# 30-06 ammo advice



## ake24 (Nov 23, 2013)

I recently bought a 30-06 for a general purpose rifle. I had been looking for a rifle that would be acceptable for deer but I knew that I would need something that would eventually be usable for an elk too. So I figured that I should get something that was common enough to have bullet weight choices and would be available....Go big or go home was also a thought that I had when I was deciding between it and a 270.
Now that I have one I'm looking for some advice on decent practise ammo that I can use to get used to the gun. I'm used to just picking up whatever .22 is available and being grateful. All these different options are making me a little confused because I'm not finding enough information to make informed decisions about what to buy.
Right now I just want some ammo to become familiar with the gun, and to re-sight the scope so I know what it's doing. Any advice on factory loads that will fit the bill?
Also, I'm considering using it for coyotes...I've lurked a ton of threads on a ton of forums and I know that most consider it to not be the best tool for the job, but it's the tool that I have. Any recommendations on factory loads for them?
Thanks in advance for any advice anyone has to offer to the new kid on the block.


----------



## wyogoob (Sep 7, 2007)

"....not the best tool for the job"...................so goes hunting forums I guess.

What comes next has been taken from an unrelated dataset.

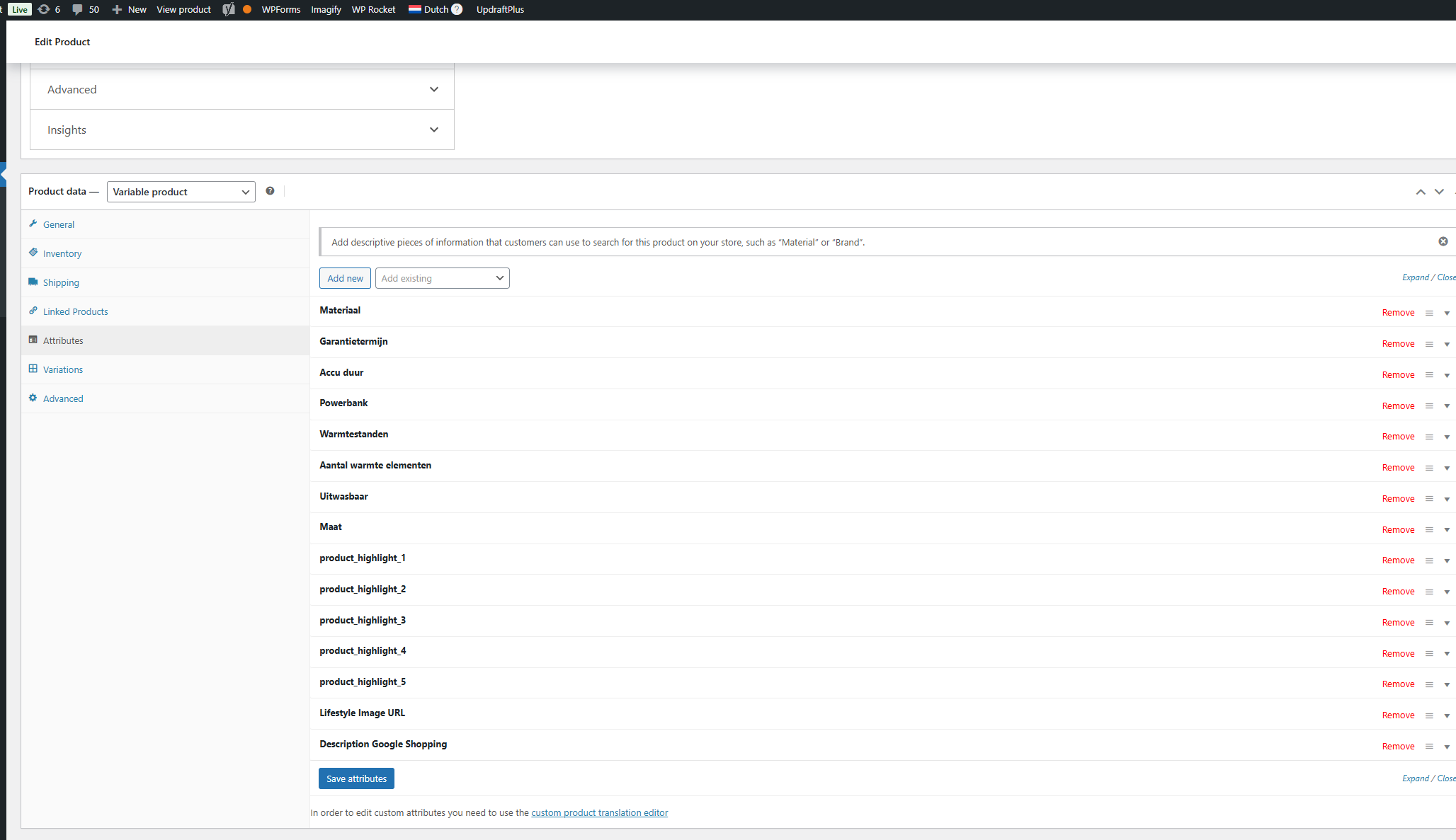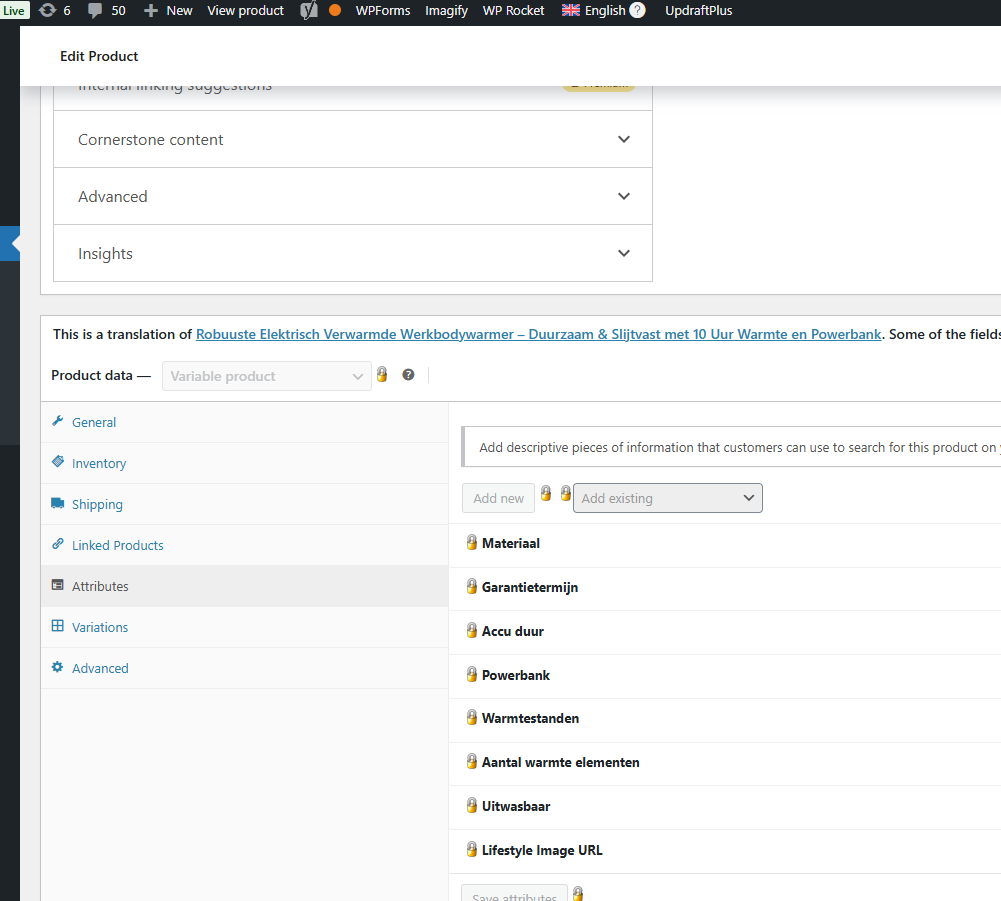 I am trying to import a translated product feed on magnetarheat.com, but the attributes are not showing on the webshop. I noticed that attributes cannot be translated in the products editor, and WPML has another page for translating attributes. However, many attributes from the Dutch webshop are not visible there, preventing translation. I also couldn't translate this in the 'string translations'. Link to a page where the issue can be seen: versteckter Link

Get some 150 gr Core-Lokts and practice, practice and practice. Use it for everything. The elk, or rabbit, won't know the difference......uh, a man with two watches never knows what time it is. 

Ammo is high now and may never get any cheaper. Look at reloads; your own or have someone do it for you.


----------



## colorcountrygunner (Oct 6, 2009)

I just picked up some 150 grain soft points for my '06 at Hurst Sporting Goods in Cedar City for $17.99. I've never heard of the ammo company before, but their name is PPU (don't know what that stands for) and they came in a blue box. If they shoot reasonably accurate from my gun I will probably go buy some more and use them for hunting deer; a cheap soft point is perfectly adequate to take deer down.

Other than the PPU cartridges, the aforementioned core lokts or Winchester power points would probably be the cheapest factory ammo you could find, and would probably be approx. $22 for a box of 20.


----------



## outdoorser (Jan 14, 2013)

colorcountrygunner said:


> the aforementioned core lokts or Winchester power points would probably be the cheapest factory ammo you could find, and would probably be approx. $22 for a box of 20.


You can find winchester powerpoints for $17.99 or so. I usually use Federal, its the cheapest I usually find. Its the stuff you always see in walmart in the blue and grey box. 150grn. or 180grn is usually what they have.

Oh and to the original poster, I'm currently using a 30-06 for coyotes as well:mrgreen: 
Just use whatever ammo for them that you have .


----------



## wyogoob (Sep 7, 2007)

"Danged few things a man cain't fix, with a few hundred dollars or a thutty-ought-six."


----------



## Huge29 (Sep 17, 2007)

I am with Goob, sounds like a good job for Core Lokt 150's to me or Winchester Soft Point.


----------



## outdoorser (Jan 14, 2013)

Haha goob;-)

That also brings to mind "with an f-150 and a thirty-ott six". Can't remeber what song thats from, I think its Jason Aldean though.


----------



## DallanC (Jan 13, 2009)

PPU = Privi Partizan, its cheap stuff made in Serbia and imported.

http://www.prvipartizan.com/

-DallanC


----------



## ake24 (Nov 23, 2013)

outdoorser said:


> Haha goob;-)
> 
> That also brings to mind "with an f-150 and a thirty-ott six". Can't remeber what song thats from, I think its Jason Aldean though.


Blake Shelton and Trace Adkins "hilly billy bone"....great song.

As for the PPU, I saw some of that as I was searching around the web but no real consensus on whether or not people liked it. Anyone else have any thoughts on it?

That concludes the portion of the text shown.